Now, I’m off to go join the gym and stock the fridge with vegetables. Pasta and gelato twice a day for two weeks is a solid method for no longer being able to fit into your jeans. 😉
- 3 ¾ cups (500 grams) all-purpose flour, plus more dusting
- 1/4 teaspoon (1 gram) active dry yeast
- 2 teaspoons (16 grams) kosher salt
- 1 ½ (350 grams) cups water
- 8 ounces creme fraiche
- 1 lb fresh mozzarella, drained from liquid and patted dry
- 16 slices best quality prosciutto, sliced as thinly as possible (Recommended: Parma)
- 2-3 cups sweet corn, removed from the cob (fresh is best)
- 1 cup freshly grated Parmigiano Reggiano
- 1/4 cup fresh tarragon, and/or other fresh herbs such as chives + basil, lightly torn
- Add the flour, yeast, and salt to a medium bowl and mix to combine. Pour in the water and mix thoroughly with a wooden spoon until all the flour is moistened.

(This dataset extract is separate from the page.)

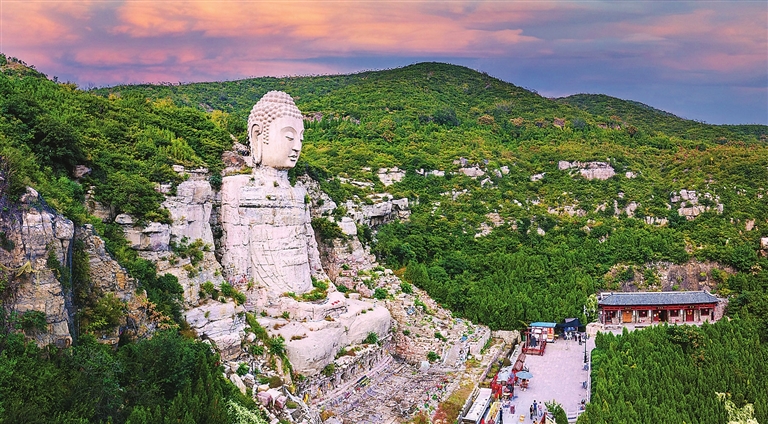 与晋祠毗邻的天龙山景区,集林、泉、寺、洞于一体,是一座历史文化名山,风景绝佳。天龙山石窟第8窟佛首,曾亮相央视春节联欢晚会,引发全国人民广泛关注。佛首的微笑,呈祥和、宁静、自然、质朴之态,给人极大松弛感,被誉为“天龙山的微笑”。天龙山网红公路也闻名天下,群山峻岭中,这条路如飞龙般盘旋,蜿蜒而上,非常壮观。

- Cover the bowl with plastic wrap or a kitchen towel and allow it to rise at room temperature (low 70s) for approximately 18 hours or until it has more than doubled in size. If the room is very cool it will take longer, and if it's hot, the process will happen much faster. Check it's progress every so often.
- Scrape out the dough onto a generously floured work surface. Use a spatula or bench scraper to divide the dough into 4 equal parts, and then gently shape them into balls by folding each corner of the dough into the middle. Use a delicate touch to form them into rounds, and place them seam side down onto a well floured surface. It's important not to knead or overwork the dough, treat it very delicately. If the balls are sticky, dust them with a bit more flour.
- Allow the balls to rest for about 15 minutes, covered with a damp tea towel before stretching out. At this point, the dough can be refrigerated for up to days. Just return to room temperature for about 2-3 hours before proceeding with the recipe.
- Preheat a grill to medium heat OR preheat an oven with a pizza stone to 500 degrees. Generously flour a pizza peel or the back of a large sheet pan, and place one ball of dough in the center. Use your hands to gently press the mound into a larger circle. Pick it up and rotate it around in your hands, delicately stretching it until it has reached the desired size and thickness. I try to make mine as thin as possible, but if it's your first time, I suggest going a bit thicker to prevent tears.
- Lay the dough on the floured pizza peel and spread 1/4 of the creme fraiche out in an even layer. Tear pieces of the fresh mozzarella and scatter them around the pie. Next, tear a few pieces of prosciutto and arrange them around, followed by a sprinkling of sweet corn and Parmigianno.
- Take the peel outside to the grill (or oven) and use a quick jerking motion to slide it directly onto the grates (or pizza stone if using the oven). Turn the heat down (on the grill only - keep the oven hot) and immediately close the lid. Let it cook, without peaking, for 10 minutes. After 10 minutes, check it and rotate it if it's not cooking evenly. Close the lid and continue to cook until the crust is crispy and the cheese is fully melted, but try to avoid peeking as that will hinder the top from cooking.
- Slide the peel under the pizza and remove it from the grill, then slide it off onto a cutting board. Sprinkle with the tarragon, then let sit for a few minutes before cutting - this will allow it to set up a bit so it doesn't ooze everywhere. Repeat with the remaining dough and toppings, and serve hot or at room temperature.
- This is my favorite pizza dough recipe, though it does require planning in advance. Substitute your favorite dough recipe, or in a pinch, pick some up from your local pizzeria.
- Can't find creme fraiche? Substitute 1 cup of sour cream whisked together with 3 tablespoons heavy cream. Locals, find it at Mazzeo's in Northfield.